A police department in East Liverpool, Ohio, sent shock waves through the internet last month when they shared chilling photos to Facebook of a couple pulled over in their car after allegedly overdosing on heroine.

A barely conscious man laid limp in the driver’s seat, his mouth hung open as the color drained from his face. The woman next to him, unconscious, began to turn blue as she slumped across the passenger seat next to him. A four-year-old boy, awake and alert, watched the scene unfold from his car seat in the back seat.

The chilling photographs offered a glimpse into the scene that greeted an East Liverpool police officer after he stopped the vehicle for erratic driving.  The photos posted to the City of East Liverpool, Ohio Facebook page quickly went viral, garnering more than 28,000 shares on Facebook and thrusting the Ohio’s heroin problem into a national spotlight. They would become the new face of the heroin addiction that has plagued the state for years.

Chief Deputy Rick Minerd of the Franklin County Sheriff’s Office in central Ohio called the scene horrific, but said it was not uncommon for the state.

“There are countless kids out there whose parents are still addicted,” Minerd said. “It’s horrible to see photos like that, but there are still a lot of gaps out there.”

The Ohio Department of Health reported an increase in fatal unintentional drug overdoses from 411 deaths in 2000 to 3,050 deaths in 2015 – an average of eight deaths per day. Heroin overdoses, which have spiked during that time period, accounted for more than 1,400 of those deaths, according to the report.
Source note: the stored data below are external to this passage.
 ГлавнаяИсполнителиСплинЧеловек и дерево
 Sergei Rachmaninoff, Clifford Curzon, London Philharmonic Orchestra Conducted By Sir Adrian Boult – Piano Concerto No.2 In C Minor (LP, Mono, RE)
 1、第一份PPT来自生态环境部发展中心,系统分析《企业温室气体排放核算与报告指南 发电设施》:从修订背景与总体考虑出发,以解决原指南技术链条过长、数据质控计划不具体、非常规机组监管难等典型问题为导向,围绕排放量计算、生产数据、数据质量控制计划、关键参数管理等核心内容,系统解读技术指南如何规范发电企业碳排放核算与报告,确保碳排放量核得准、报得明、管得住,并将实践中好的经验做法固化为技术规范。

“There’s been a huge culture change,” said Ohio Attorney General Mike DeWine. “It used to be that, even people doing drugs, most would never think about doing heroin. It was a psychological line that they wouldn’t cross.”
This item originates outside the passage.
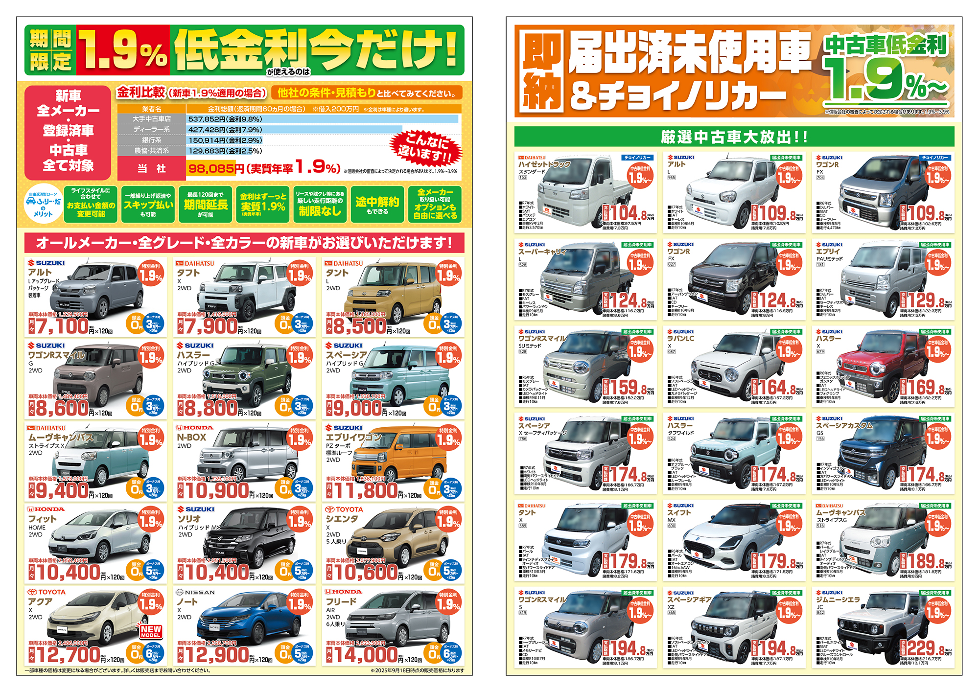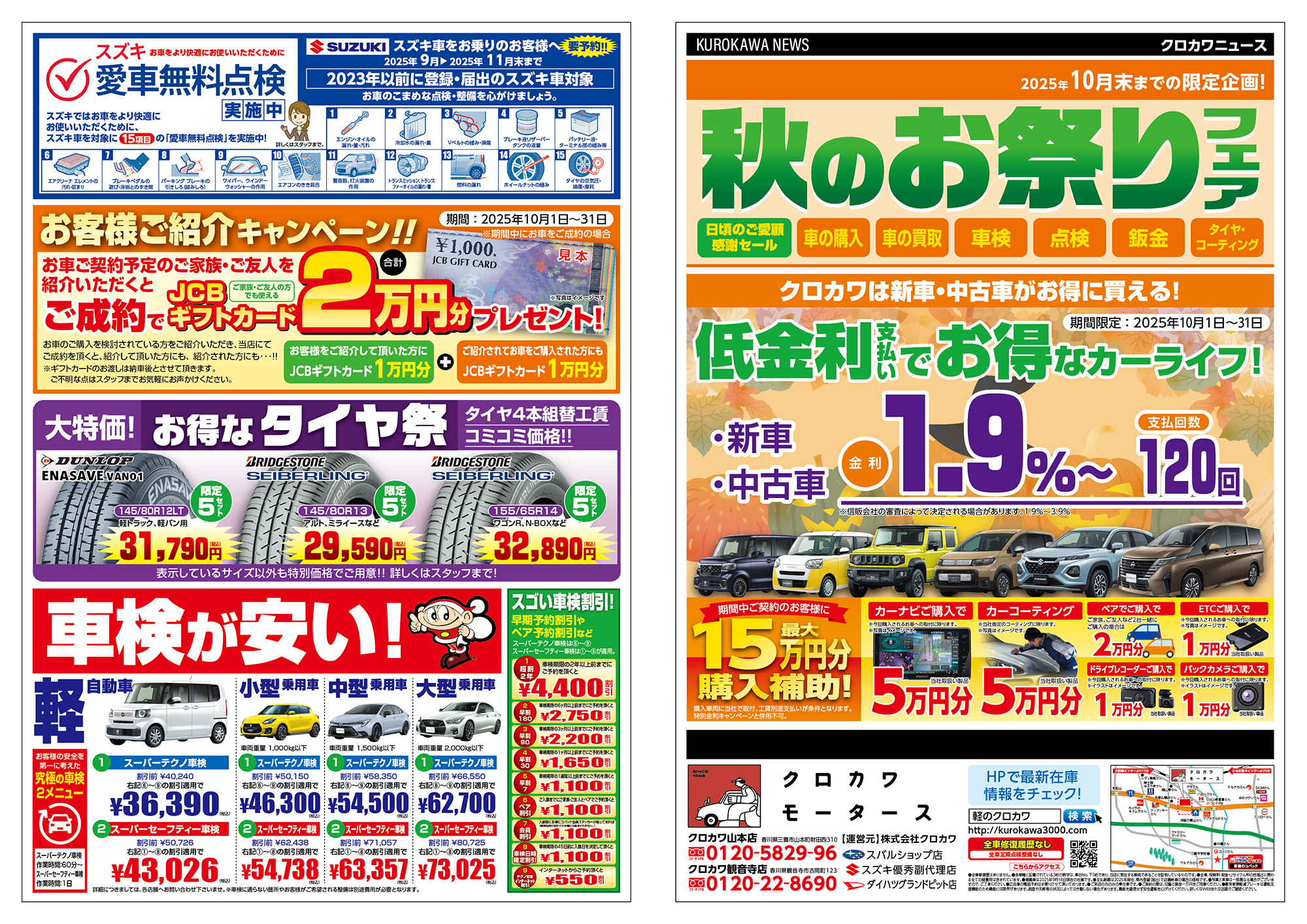 最新チラシ WEB FLYER キャンペーン期間が過ぎているチラシは無効となりますので、チラシの有効期限をよくご確認ください。 有効期限 2025年10月末まで! ご予約はこちらから 車検、点検、オイル交換はWEBからのご予約が便利です! WEB予約ページへ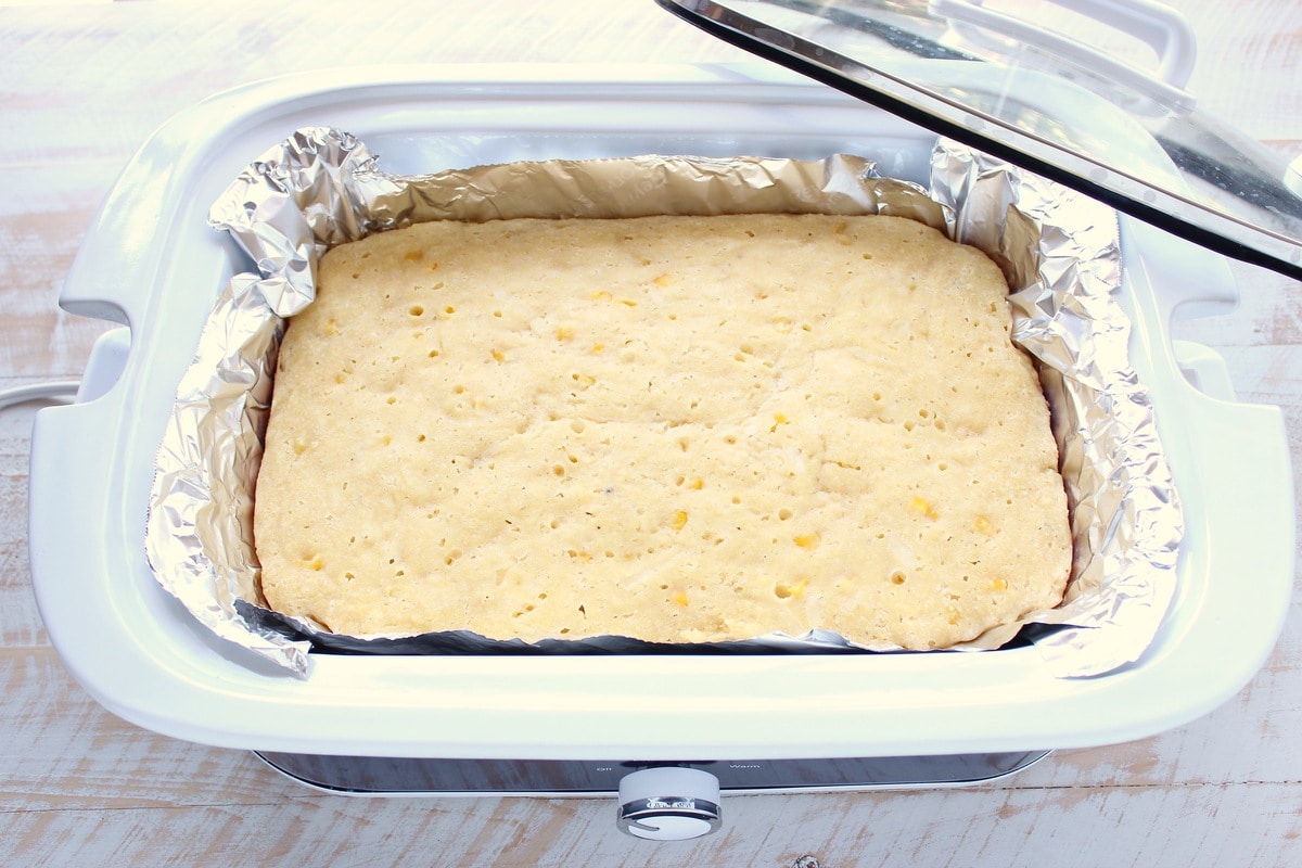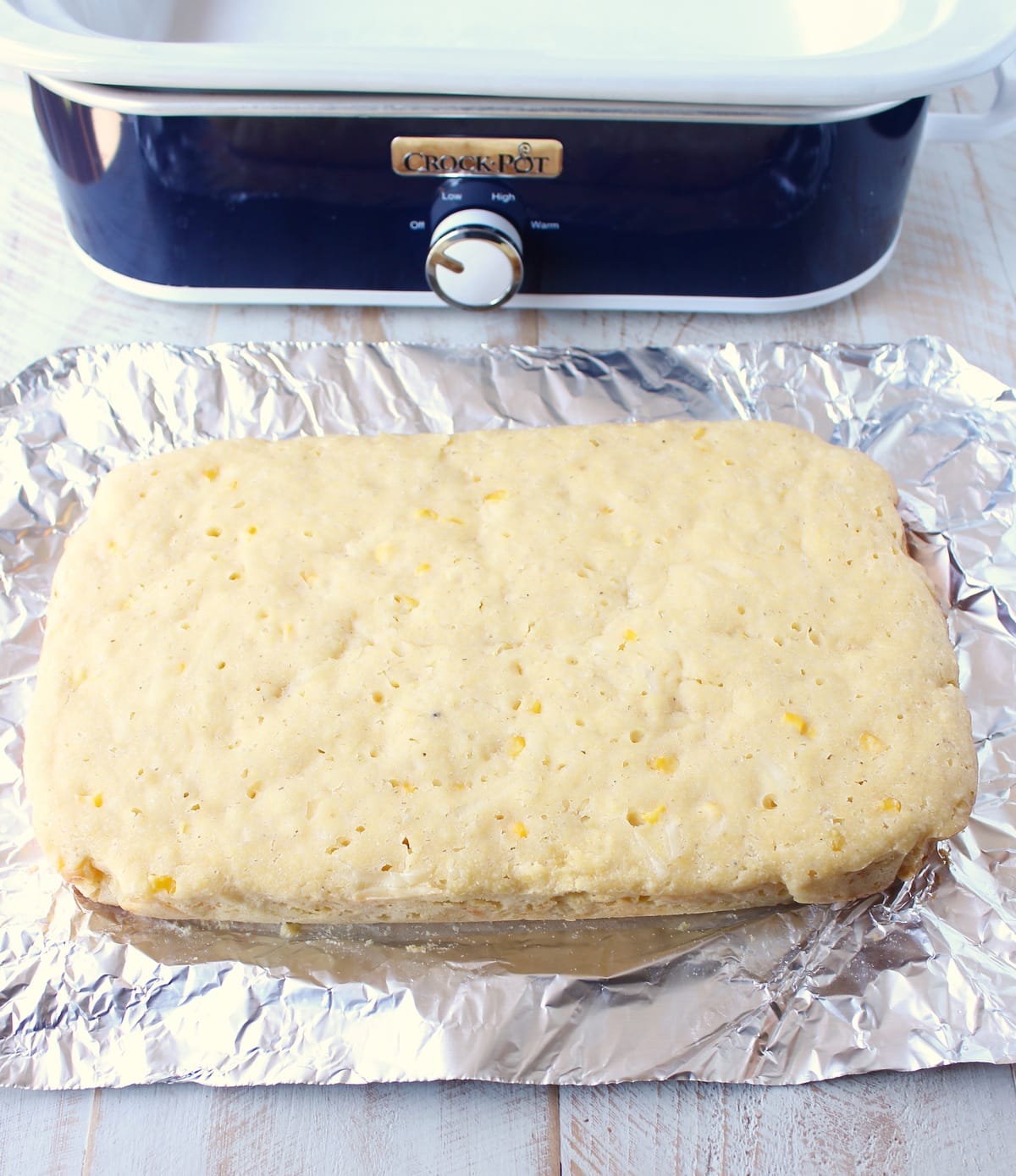 - Use the edges of the foil to lift and remove the cornbread from the slow cooker.

But DeWine said that all began to change around 10-15 years ago when doctors across the country began prescribing more opioid pain medications in response to protests that they were not sufficiently treating pain.

“Pharmaceutical companies came out with oxycodone and other pain medications, and they did a very good job promoting them to doctors,” Dewine said. “There was a massive increase in prescription of pain medications.”

Users became dependent on those medications, he said. Once those became unavailable, they turned to heroin for their fix.

“We had a significant pain medication problem, and three-fourths of people using heroin started with pain medications, so there’s a natural progression,” DeWine said.

Fentanyl, a synthetic drug roughly 30 to 50 times more potent than heroin, is also to blame for an increasing number of overdose fatalities in Ohio. The opioid drug accounted for 1,155 of the accidental overdose deaths in Ohio for 2015, which was more than double its 2014 death rate in the state, according to the Ohio Department of Health.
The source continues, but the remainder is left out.